What you have to do
With the pictures removed, please write out every line below exactly as given.

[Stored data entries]
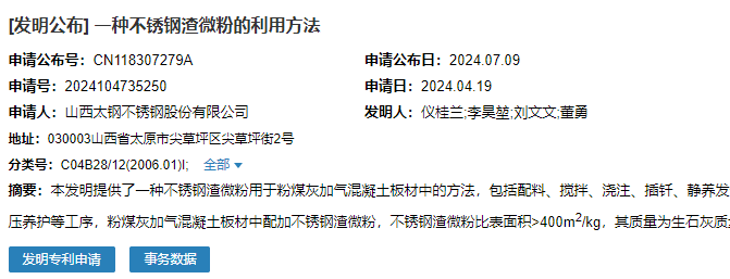 2024年7月9日,山西太鋼不銹鋼股份有限公司成功申請(qǐng)一項(xiàng)名為“一種不銹鋼渣微粉的利用方法”專利,申請(qǐng)公布號(hào)為CN118307279A,申請(qǐng)日期為2024年4月19日。
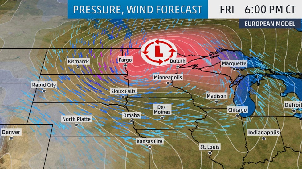 By Friday, strong low pressure will wrap up near the Canadian border in northern Minnesota, with wind-driven snow in the Dakotas and parts of Minnesota.
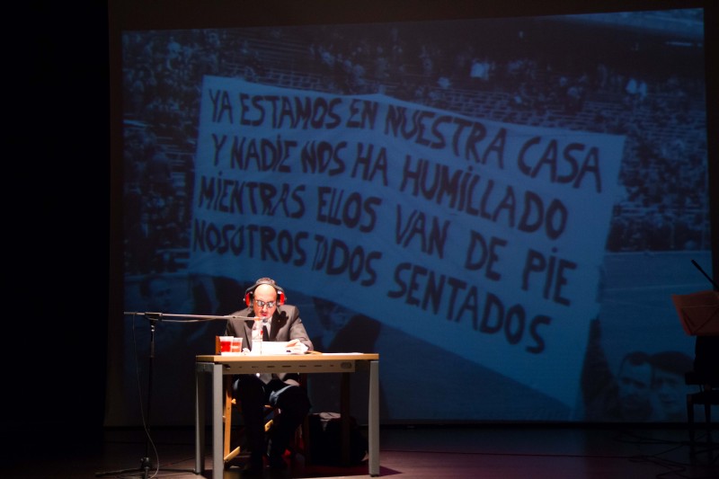 En presencia de un muy nutrido público de atléticos entusiastas e irredentos, y bajo la presidencia de altos mandos del Ejército del Aire, cuya colaboración ha sido decisiva y emotiva, de los queridos y no menos indispensables amigos de Mahou, así como del Presidente del Club, presentó el acto uno de los nuestros, el excelente y más que consagrado Vicente Vallés, le acompañó Pablo Cassinello, quien interpretó magistralmente un guión elaborado por nuestros compañeros José Manuel Tenorio y Luis Fuentes y, en el papel de locutor radiofónico, nos fue llevando a los asistentes por todos los sucesos relevantes ocurridos desde que, el 4 de octubre de 1.939, se creó el Athletic Aviación Club, bajo la presidencia del comandante Francisco Vivés, muy pronto convertido en Club Atlético Aviación, tras prohibirse los vocablos extranjeros en los nombres de los clubes de fútbol.
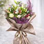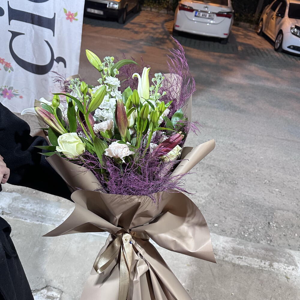 Bu muhteşem Karma Buket, 5 adet lilyum, dolgulu olarak kullanılan 2 adet kuru çiçek, 3 adet zarif beyaz gül, romantik bir dokunuş katan 2 adet pembe gül ve son olarak ambiyansı tamamlayan 3 adet kasımpatı ile oluşuyor. Her biri özenle seçilmiş olan bu çiçekler, size veya sevdiklerinize sunulan neşe ve güzellik vadeder. Göz alıcı bu buket ile her anı unutulmaz kılın.
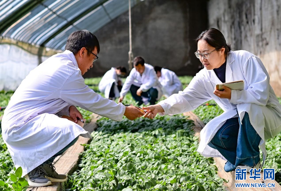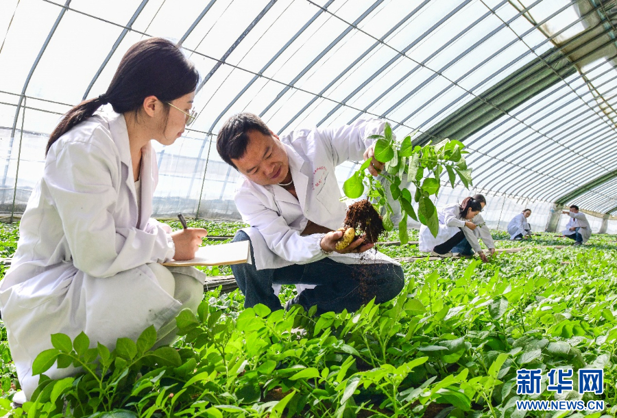 3月18日,科技人员在乌兰察布市农林科学研究院大棚内观察马铃薯新品种原原种生长情况。新华网发(王正 摄)
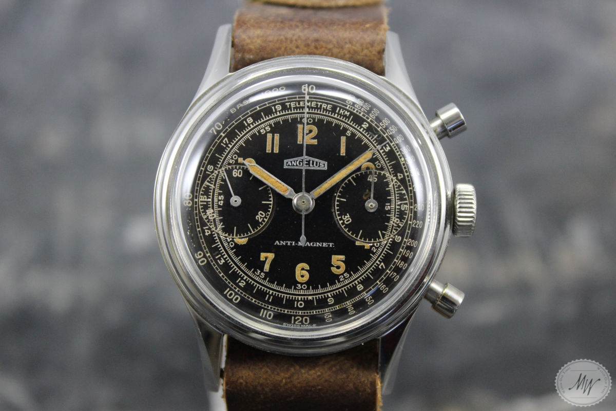 Angelus Chronograph with Caliber 215 in very good condition from the 50´s. The wonderful case shows only minor signs of wear. Dial and hands set are overall in very good and untouched condition with some light signs of aging. The movement (cal. 215) has just received a complete service and is working perfectly well.
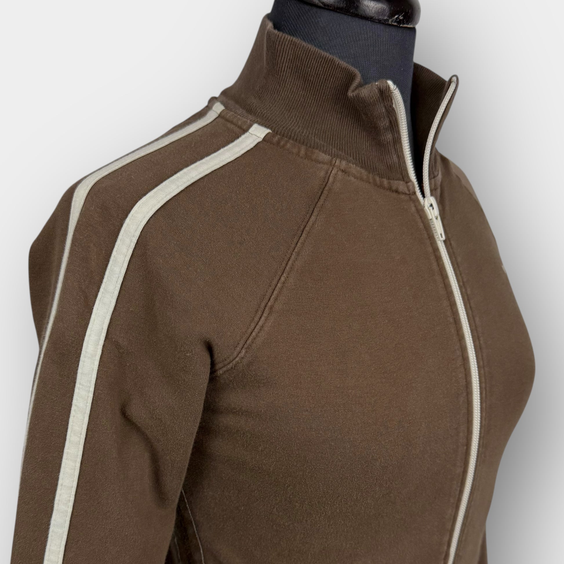 Brown American Eagle Outfitters track jacket with white contrast stripes down the sleeves, a stand collar, and full front zip closure. Features two front zip pockets, ribbed cuffs and hem, and raglan long sleeves. Good pre-owned condition with light overall wear and a small stain as shown

Answer box
 2024年7月9日,山西太鋼不銹鋼股份有限公司成功申請(qǐng)一項(xiàng)名為“一種不銹鋼渣微粉的利用方法”專利,申請(qǐng)公布號(hào)為CN118307279A,申請(qǐng)日期為2024年4月19日。
 By Friday, strong low pressure will wrap up near the Canadian border in northern Minnesota, with wind-driven snow in the Dakotas and parts of Minnesota.
 En presencia de un muy nutrido público de atléticos entusiastas e irredentos, y bajo la presidencia de altos mandos del Ejército del Aire, cuya colaboración ha sido decisiva y emotiva, de los queridos y no menos indispensables amigos de Mahou, así como del Presidente del Club, presentó el acto uno de los nuestros, el excelente y más que consagrado Vicente Vallés, le acompañó Pablo Cassinello, quien interpretó magistralmente un guión elaborado por nuestros compañeros José Manuel Tenorio y Luis Fuentes y, en el papel de locutor radiofónico, nos fue llevando a los asistentes por todos los sucesos relevantes ocurridos desde que, el 4 de octubre de 1.939, se creó el Athletic Aviación Club, bajo la presidencia del comandante Francisco Vivés, muy pronto convertido en Club Atlético Aviación, tras prohibirse los vocablos extranjeros en los nombres de los clubes de fútbol.
 Bu muhteşem Karma Buket, 5 adet lilyum, dolgulu olarak kullanılan 2 adet kuru çiçek, 3 adet zarif beyaz gül, romantik bir dokunuş katan 2 adet pembe gül ve son olarak ambiyansı tamamlayan 3 adet kasımpatı ile oluşuyor. Her biri özenle seçilmiş olan bu çiçekler, size veya sevdiklerinize sunulan neşe ve güzellik vadeder. Göz alıcı bu buket ile her anı unutulmaz kılın.
 3月18日,科技人员在乌兰察布市农林科学研究院大棚内观察马铃薯新品种原原种生长情况。新华网发(王正 摄)
 Angelus Chronograph with Caliber 215 in very good condition from the 50´s. The wonderful case shows only minor signs of wear. Dial and hands set are overall in very good and untouched condition with some light signs of aging. The movement (cal. 215) has just received a complete service and is working perfectly well.
 Brown American Eagle Outfitters track jacket with white contrast stripes down the sleeves, a stand collar, and full front zip closure. Features two front zip pockets, ribbed cuffs and hem, and raglan long sleeves. Good pre-owned condition with light overall wear and a small stain as shown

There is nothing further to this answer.